**PROBLEM DETAILS:** Reproduce, from the lines below, exactly the stretch that begins at the line containing "7. Машината включва" and ends at the line containing "Lace Trim Zip-Up Shirt", both included.

**DATA PROVIDED:**
<<<<

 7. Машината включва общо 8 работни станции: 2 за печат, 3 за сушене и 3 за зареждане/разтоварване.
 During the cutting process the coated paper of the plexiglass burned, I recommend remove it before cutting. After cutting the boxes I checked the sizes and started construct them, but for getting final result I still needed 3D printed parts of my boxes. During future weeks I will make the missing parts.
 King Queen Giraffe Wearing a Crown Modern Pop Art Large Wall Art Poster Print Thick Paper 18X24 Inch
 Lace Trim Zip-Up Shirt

>>>>
<<<<

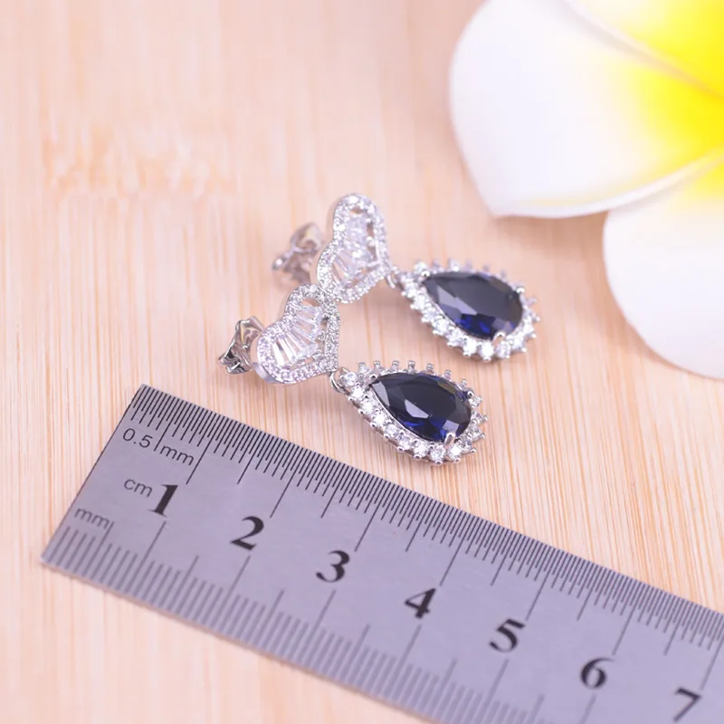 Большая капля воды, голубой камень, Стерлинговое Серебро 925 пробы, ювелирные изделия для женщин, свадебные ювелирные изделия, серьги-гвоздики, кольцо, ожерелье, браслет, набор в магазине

>>>>
<<<<

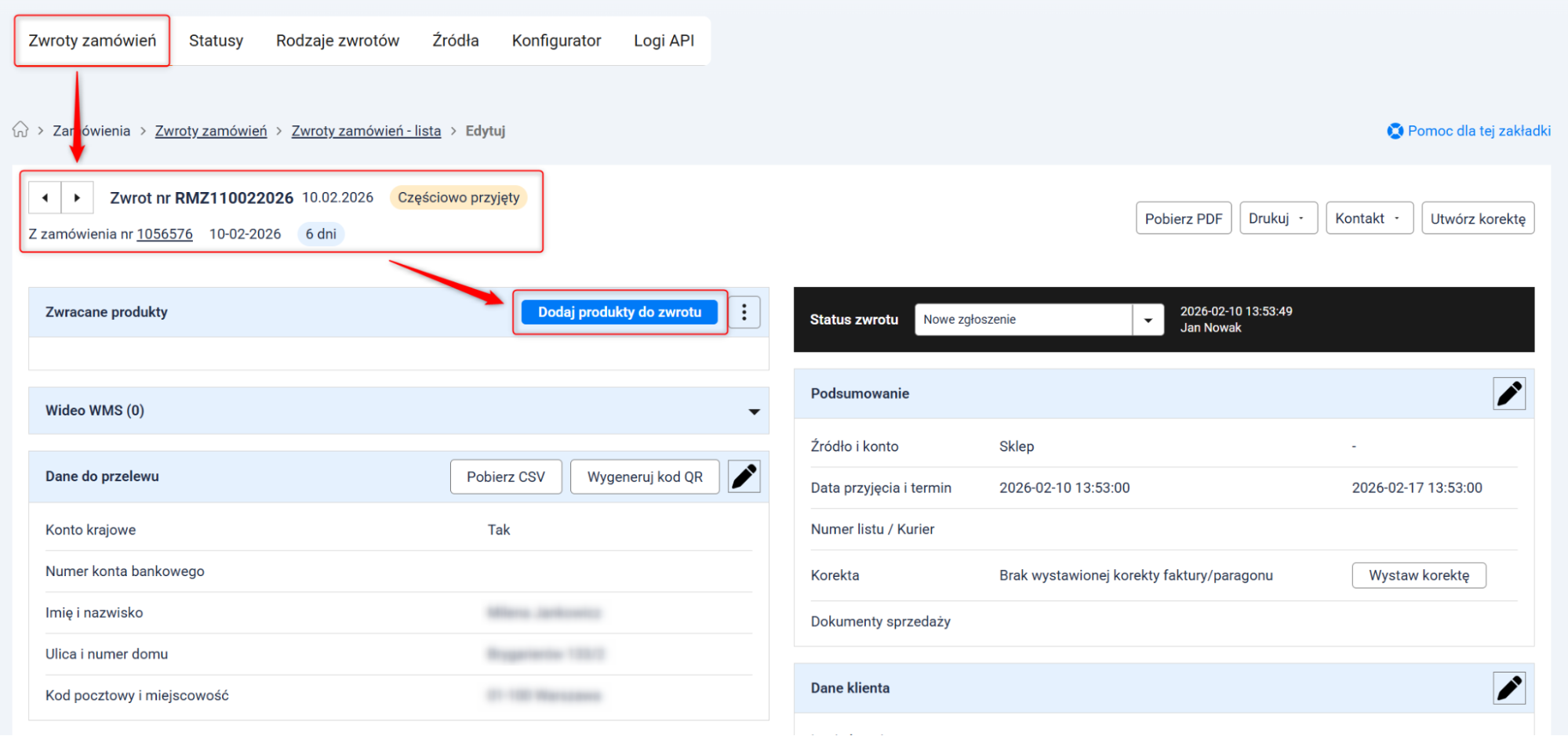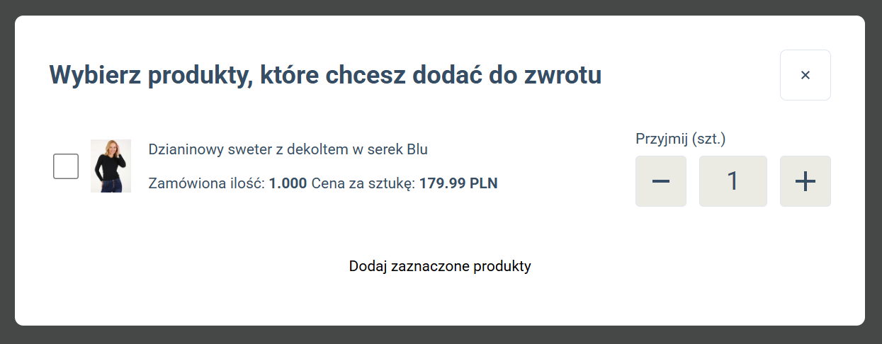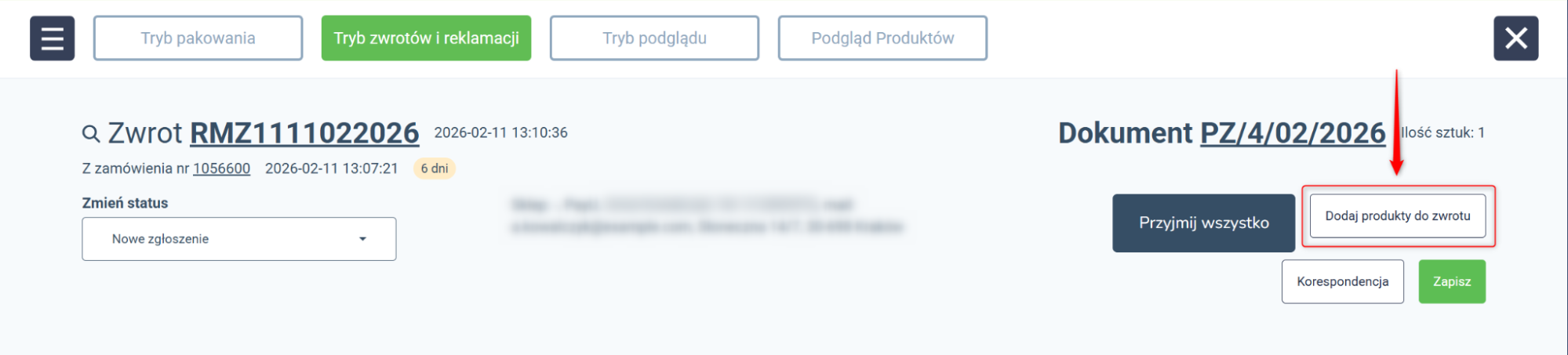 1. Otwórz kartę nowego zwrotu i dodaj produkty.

>>>>

**THE ANSWER:**
 7. Машината включва общо 8 работни станции: 2 за печат, 3 за сушене и 3 за зареждане/разтоварване.
 During the cutting process the coated paper of the plexiglass burned, I recommend remove it before cutting. After cutting the boxes I checked the sizes and started construct them, but for getting final result I still needed 3D printed parts of my boxes. During future weeks I will make the missing parts.
 King Queen Giraffe Wearing a Crown Modern Pop Art Large Wall Art Poster Print Thick Paper 18X24 Inch
 Lace Trim Zip-Up Shirt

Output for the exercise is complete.